Ahmad Saad, the hospital's director and a member of Hezbollah's national health committee said the party was only filling a public need left by the Lebanese government's inability to provide sufficient health care for the region.
Along the roads of southern Lebanon, pictures of young men killed during the conflict appear on nearly every lamppost, bearing the Hezbollah emblem. Twisted Israeli army trucks are left at roadside shrines, yellow flags flapping atop them.
A Hezbollah emblem is displayed atop a wrecked Israeli military truck in southern Lebanon. The group is under pressure to give up its weapons.
(Scott Wilson -- The Washington Post)
In the stony hills outside Nabatiyah, a portrait of Syrian President Bashar Assad appears along the narrow road, a reminder of Syria's influence . One Western diplomat in Beirut called Syria "the traffic cop" that allows money and weapons to flow to Hezbollah. Despite broad ideological differences, Syria and Hezbollah share a common foe in Israel.
The Syrians "benefit from the availability of an armed resistance in Lebanon, and we benefit from their need for armed resistance," said Mohammad Raad, leader of the Loyalty to the Resistance Bloc, Hezbollah's 12-seat coalition in Lebanon's 128-member parliament. "But we are not fighting in the interest of others. We are fighting for our own cause."
Western diplomats and political analysts in Beirut estimated that Hezbollah received $200 million a year from Iran, which views the party as its bridge to the Arab world.
Raad said money from Iran came only through private charities to be used for health care, education and the support of war widows. Hezbollah's main sources of income, he said, are the party's investment portfolios and wealthy Shiites.
"It's indisputable that the electoral system in Lebanon is not a fair one," Raad said. "It's essential that this system be changed, but change in Lebanon is a very difficult challenge because there is no such thing as a Lebanese public opinion."
Many of Lebanon's religious parties are remnants of the militias that fought in its civil war. All have disarmed -- at least officially -- except Hezbollah. The party was allowed to keep its guns under somewhat ambiguous language in the postwar constitution -- a document adopted in 1991 and endorsed by the United States -- because of the Israeli occupation in southern Lebanon at the time.
The Israeli army's presence at Shebaa Farms and the party's fighters who remain in Israeli prisons are Hezbollah's justification for its militancy along the border.
Last month Nasrallah, the party leader, announced that Hezbollah had breached Israeli airspace with a reconnaissance drone called the Mirsad-1.
Party leaders warned that the drone, whose name means Observer, could be used to bomb Israeli towns. Lebanon's defense minister attended an event for the announcement and joked that he wanted one for the Lebanese armed forces. Nasrallah replied that Hezbollah would provide one free of charge.

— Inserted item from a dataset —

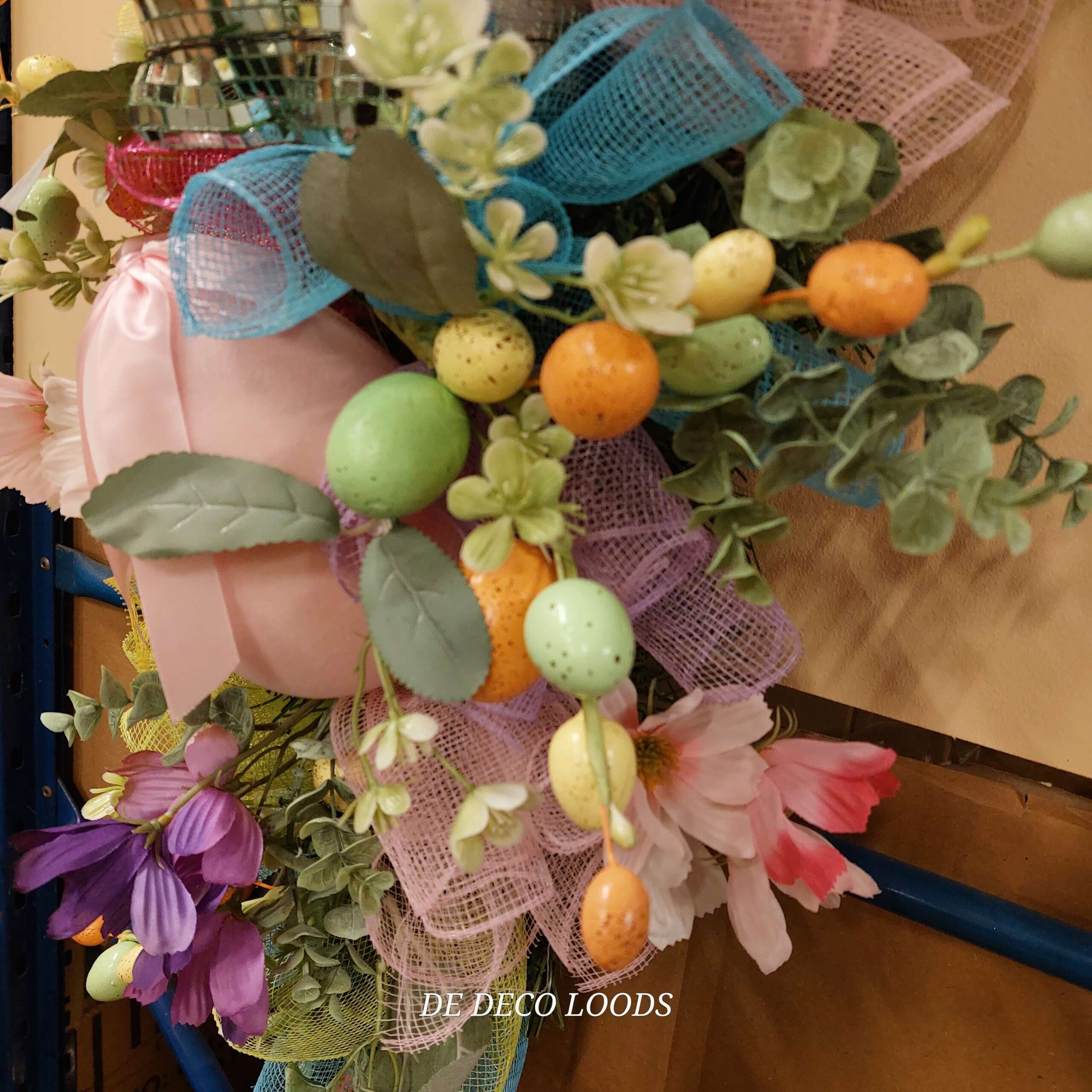 De deurhanger is bewerkt met decomesh in zes kleuren. Er zitten 2 flock eieren in van 15cm hoog. Met de kleurrijke bloemen en eitjes takjes. En als middelpunt de spiegel bunny, opgebouwd uit allemaal kleine spiegeltjes in de kleur mint. De bunny is 45cm hoog.

"The sooner they become part of the legitimate Lebanese armed forces, the better," said a Western diplomat in Beirut. "I believe in their right to bear arms and defend the country. But I'd feel more comfortable if they were doing so within the state security services."
Hezbollah draws its members almost entirely from Lebanon's rapidly growing Shiite population. But it is striving to attract broader support. It has been reaching into south Lebanon's teeming and violent Palestinian refugee camps, home to a mostly Sunni population whose youth still view Hezbollah's past guerrilla war against the Israeli occupation with awe.
"They don't give us money for nothing, and they want our people and cause," said Khaled Arif, the Palestine Liberation Organization's field coordinator for south Lebanon who is based in the notorious Ain Helweh camp, where Hezbollah has offered to improve the water system and build health clinics. "We won't sell them to Iran."
But Hezbollah is not the inclusive movement it contends that it is, at least not to the people living in its territory who are not Shiites. No Hezbollah banners fly in the village of Qlayia, a few miles west of here, where the Rizk family gathered in their stone house on a chilly afternoon to watch television. Like nearly all of the families in Qlayia, they are Maronite Christians.
Pierre Rizk, a middle school math teacher, praised Hezbollah for preventing Muslim reprisals against the region's Christians, many of whom worked inside Israel during the occupation, after the Israeli army pulled back. But he said the party had done little to counter the steep economic decline that followed.
His daughter Manal, 23, has been applying for every government job she hears about, so far without success, largely because she does not have party sponsorship essential in Lebanon's sectarian civil service system.
She was recently laughed out of the employment office at Beirut International Airport when she submitted her résumé, featuring a master's degree in psychology, for a position as a baggage inspector.
"Unless you are in line with them politically, no one will take care of you," she said.